In recent years, Pamela Anderson, Madonna, Steven Spielberg, Nicole Kidman, David Letterman and Gwyneth Paltrow have had stalkers. In the past two weeks alone, people were convicted or pleaded no contest to stalking Gibson and Zeta-Jones. And in the Kournikova case, a man was arrested Jan. 30 after swimming nude across Biscayne Bay toward Kournikova's $5-million estate on Sunset Island 3, then turning up on the pool deck at the wrong house and yelling, "Anna! Save me!"
Dunn said that for every celebrity stalking case that's splashed across headlines, 20 are never heard about. Those cases often fall to Lane, who after helping establish the Los Angeles police's antistalking unit started a personal security firm, Omega Threat Management Inc. It's one of several such companies that take care of celebrities' threats, for a price.
"In this day in age, public figures of all types have a much better idea of the risks that are present that come with their visibility," Lane said. "The incentive to hiring a private firm is to help resolve the issue, to help control the threat. Some of these cases do get dangerous."
Mental health plays a major part in the crime of stalking. But stalking isn't always the result of a mental disorder.
"Most of the time what you've got is an individual who is lonely or socially incompetent," said Mace Benson, a psychiatrist at the University of California-Los Angeles who has worked on many stalking cases.
When mental health is an issue, disorders such as schizophrenia or some form of dementia and an emotional real-life trigger are usually to blame. These elements combined make it easier for a person to break down that invisible fourth wall.
"Usually, there's been some kind of major loss in the life of the individual, either one event or a series of events," psychologist J. Reid Meloy said. "They then create a private bizarre reality that is very defined."
Meloy has researched stalking since 1989, was the editor of the first science journal on the subject and has consulted on high-profile cases like Madonna's and Paltrow's.
"Somehow, they connect at very deep emotional level," Meloy said. "With the Paltrow case, he saw her in the movie Shakespeare in Love and formed a bond. The onset was very rapid."
Stopping a stalker is often easy, according to the experts. In most instances, it takes just an intervention. In extreme cases, confrontation might be the salt on the wound.
"Real events will occur that will often anger the celebrity stalker," Meloy said. "Those events are often something like him feeling rejected or maybe it's something security did or said to him. Because he feels he's entitled, there could be danger with the celebrity following the rejection."
Such was the case with Dante Michael Soiu, Paltrow's stalker. Meloy said Soiu developed a "rescue fantasy" after reading and seeing tabloid and TV reports about Paltrow's relationship woes with Ben Affleck. The frequency of his letters and e-mails to Paltrow increased. After being convicted in 2000, Soiu was sent to a high-security mental facility because the judge, with the help of Meloy and three other mental health professionals, determined that Soiu was insane.

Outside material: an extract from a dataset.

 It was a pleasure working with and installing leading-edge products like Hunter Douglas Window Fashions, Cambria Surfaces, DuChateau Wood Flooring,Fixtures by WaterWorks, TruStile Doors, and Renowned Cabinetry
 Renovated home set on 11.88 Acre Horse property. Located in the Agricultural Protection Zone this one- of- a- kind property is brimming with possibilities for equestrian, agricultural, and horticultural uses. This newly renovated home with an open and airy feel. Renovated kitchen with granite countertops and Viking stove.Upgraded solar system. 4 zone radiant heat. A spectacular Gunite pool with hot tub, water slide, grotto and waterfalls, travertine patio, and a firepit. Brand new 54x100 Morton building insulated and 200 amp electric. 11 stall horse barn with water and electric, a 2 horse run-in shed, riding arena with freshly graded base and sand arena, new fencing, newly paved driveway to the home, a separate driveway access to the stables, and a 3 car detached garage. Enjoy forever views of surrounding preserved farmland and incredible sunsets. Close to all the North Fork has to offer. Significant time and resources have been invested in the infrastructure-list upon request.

But that was a rarity. "Most stalking cases, including celebrity stalking, don't get to the point of criminal prosecution," Lane said.
Evans' experience never reached the courthouse - or a conclusion. She actively speaks out on the subject. And she will never forget about him.
"It has a lasting effect on me," Evans said. "I love what I do. I'm so grateful I've been able to get my life back after that horrible experience."